## What is being asked
Please transcribe the lines below exactly, and leave every image behind.

## Data block
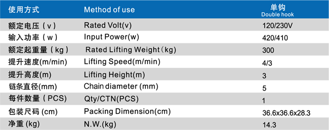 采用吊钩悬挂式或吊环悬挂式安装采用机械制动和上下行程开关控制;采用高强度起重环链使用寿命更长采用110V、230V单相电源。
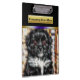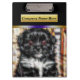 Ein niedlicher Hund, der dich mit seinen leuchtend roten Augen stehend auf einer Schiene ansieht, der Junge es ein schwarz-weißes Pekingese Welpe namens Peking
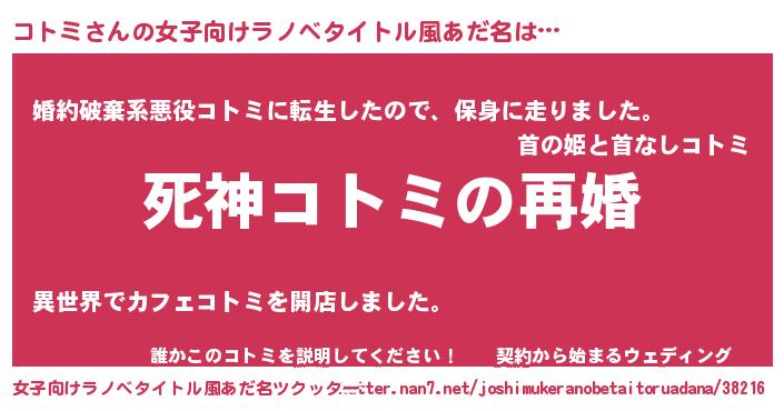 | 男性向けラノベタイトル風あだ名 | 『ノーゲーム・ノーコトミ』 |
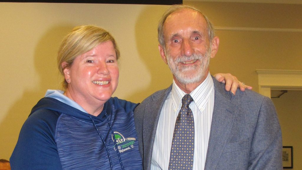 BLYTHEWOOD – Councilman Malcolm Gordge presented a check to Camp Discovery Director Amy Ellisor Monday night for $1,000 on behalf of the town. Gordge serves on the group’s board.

## Completed exercise
 采用吊钩悬挂式或吊环悬挂式安装采用机械制动和上下行程开关控制;采用高强度起重环链使用寿命更长采用110V、230V单相电源。
 Ein niedlicher Hund, der dich mit seinen leuchtend roten Augen stehend auf einer Schiene ansieht, der Junge es ein schwarz-weißes Pekingese Welpe namens Peking
 | 男性向けラノベタイトル風あだ名 | 『ノーゲーム・ノーコトミ』 |
 BLYTHEWOOD – Councilman Malcolm Gordge presented a check to Camp Discovery Director Amy Ellisor Monday night for $1,000 on behalf of the town. Gordge serves on the group’s board.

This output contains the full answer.